In Sunday's San Antonio Express-News, on the front page, there was a very interesting article about a local "tech inventor" named Tim Jenison. He has NO art training, but has pretty much solved an ages old mystery about how Vermeer was able to obtain the almost photo perfect images in his paintings. Using technology that was known to exist in Vermeer's lifetime, he built a camera obscura and comparitor mirror along with another concave mirror, he was able to virtually duplicate, in oil, Vermeer's work. Astounding. He also learned to mix the oils as they were for Vermeer. It's actually so much more complicated in the article, but in a nutshell, that's it. There is a movie out about his whole process, invention and problem solving of how, he believes, Vermeer was able to paint the way he did. The movie is called, "Tim's Vermeer".
Before reading the article, I had been pondering the requirements for a show I was reading about and noted how paintings that used reproduced images/photoshop/etc. had to be clearly marked and would be allowed into the show, but would be judged separately from painted works that did not employ any of these "tools."
On the other end of the spectrum, I have been in shows before where all work, whether it be photography, sculpture, painting, etc. is judged together regardless of the tools used. So the question that really isn't resolved in my mind is - Where do we draw the line in how much "help" an artist can use in creating their work? When does technology do all the work instead and the artist just become an assembler? How do we evaluate these works?
These are mighty big questions...
I know that one can take a photo in a second, move it into photoshop, manipulate it in infinite ways, send it off to a company that will reproduce it on canvas with archival ink, and then have it delivered to you door in mere days. All of this accomplished without lifting a brush, moving paint around or dirtying your hands. Hmmmmm....

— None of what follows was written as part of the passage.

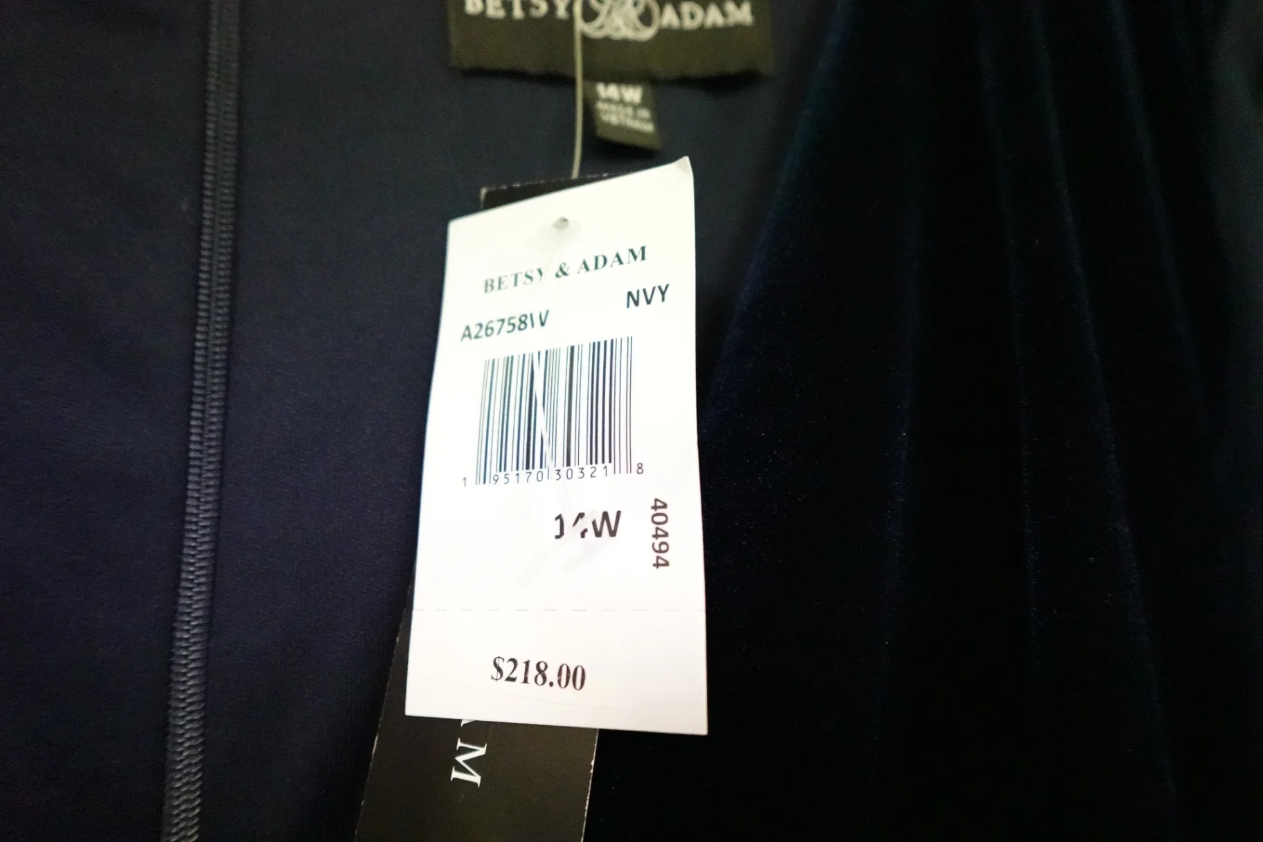 Brand: Betsey Adam Catagory:Dress Size: 14W Color: Black Fabric New with tags Material Velvet

But what about artists that use rulers, or grids, or cameras, or other references? What about images displayed by projectors, light tables, tracings? What about all of these "tools?" The answer for me is clear. I'm old school. If I use a photo, then it's one that I have taken or have gotten permission from the photographer to use. (I've done this once.) I don't use grids, although I know how to, I don't project the work onto the canvas, I don't trace from enlarged images, I don't use photoshop, I don't enlarge images in any fashion other than painting or drawing them myself. I believe that most people WANT to see how the artist sees things. If Picasso wants to show a woman's face from three simultaneous angles at once, then I am amazed to see his view. I would surely be less impressed if he morphed it all on a computer, spliced it together and then copied it onto a canvas.
To those who employ these tools that help them create, great and good for you. I'm not going to do it and I really don't need to. But I do think that you should be honest with your buyers and tell them that this has been photoshopped or altered or printed and is not an original because it can be duplicated again and again.
I prefer to see an artist's hand in his work from the flaws to the brilliant. No computer or tool can ever replace what an artist does alone in a room with paint and a brush.
The painting above is called Riverwalk and was just accepted into the San Antonio Art League's annual juried show. I heard that it received an award, but I don't know what it is and won't until the opening on April 13th from 3-5.